Malnourished children that grow up in an impoverished home with food insecurity are extremely expensive. Children suffering poverty and malnutrition from food insecurity create a huge drag on society because society must pay for them during their entire life. Malnourished, food insecure children can add more than five times the cost of infant mortality. Each child increases the cost of education but they often have neither the health nor mental stability to finish high school. They represent a lifelong cost sink that wastes lives and families. They become adults who have no skills, so they cannot get or hold a job and must depend on government support for living and medical expenses. Their bodies and brains are often underdeveloped from nutritional deficiencies, which means they incur social medical costs several times higher than normal people.

Poverty and affordable good food

Rising food costs prohibit many from obtaining good nutrition. Impoverished families have trouble finding enough money to buy good food. Impoverished families must budget their limited means among all their competing needs including food, which may be supplemented by SNAP subsidies. Low cost foods tend to be high in sugar, salt, fat and calories but low in protein and nutritional density. The lowest cost foods cause obesity and diabetes and all the associated diseases and medical costs.

Family members fill up on cheap food, which solves their immediate symptom – hunger pangs. Empty calories deliver fat but lack nutritional benefit. Cheap foods launch a negative health trajectory towards obesity, diabetes and the many associated illnesses. Impoverished families are forced to trade an immediate solution to hunger pains for future medical and physical pain and medical costs.

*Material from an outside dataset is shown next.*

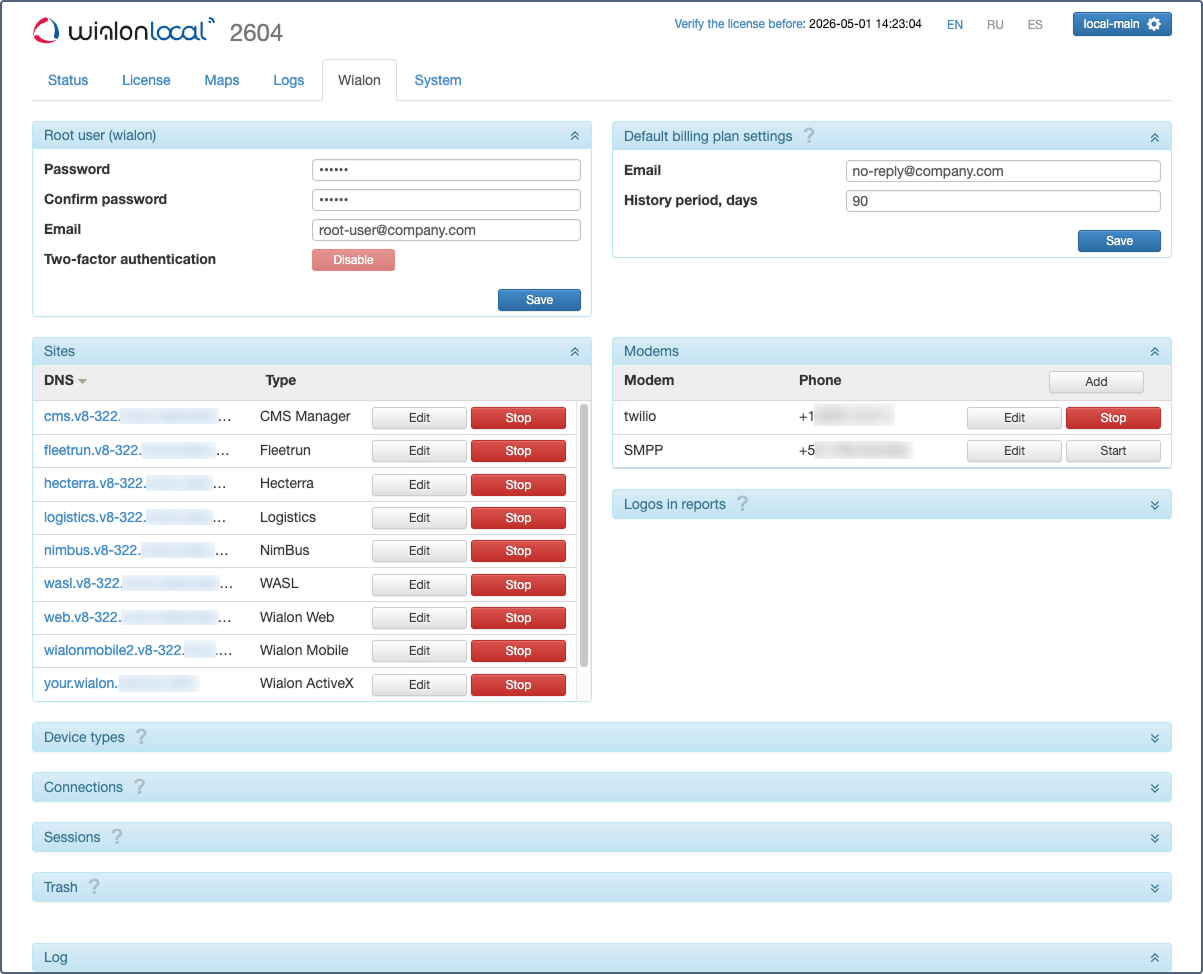 This page is accessible only when Wialon Local is operating. Here you configure sites and modems, manage recycle bin, etc.

The cost of food, as a function of disposable income, had dropped from around 16% in 1980 to 9% in 2013. Unfortunately, many consumers have traded cheap food for higher medical expenses. While food costs dropped 40% as a percentage of disposable income, medical costs have more than doubled. Some of the medical cost increase came from hidden hunger and empty calories that are systemic in cheap industrial foods.

Root causes of hunger

Algae microfarms can address the root causes of poverty and hunger with a seven-step strategy. People without economic security do not have the means to buy food or the inputs to grow their own foods, using industrial agricultural methods. A strategy to provide economic security to millions of people and at the same time moderate poverty, food security and health involves teaching people how to grow microcrops.

Distributed model

Distributed small and medium size microfarms offer the highest potential for local jobs, economic security and social justice. Large farms concentrate wealth in the hands of a few. Large agribusinesses limit innovation to the relatively few people engaged in the firm. Large firms create value for their stakeholders by hoarding their intellectual property, which serves the company but not society.

Algae microfarms

Algae microfarms

Transforming food production to a distributed model with many producers close to consumers will improve social justice and access to fresh good food. People who currently cannot afford to grow their own food due to climate, available cropland or economics will be able to produce affordable for their family and community with microfarms.

Local production will create tens of thousands of new green jobs. Growers will produce fresh natural foods for their family, neighbors and farmers’ markets. These foods deliver superior nutrition and taste without the pollution and waste associated with industrial agriculture. High productivity will allow growers to produce protein and other nutrients 30 to 70 times faster than field crops. In addition, microfarms can be sited in small spaces and on land or buildings that have no or minimal alternative use, which reduces site costs.

Path forward

Algae microfarms offer economic security for millions of Americans and our global neighbors. We need to build the capability for producing microfarms that can recycle waste streams and convert them into healthy foods. Microfarms can transform impoverished and food insecure families to healthy, economically secure contributors to society.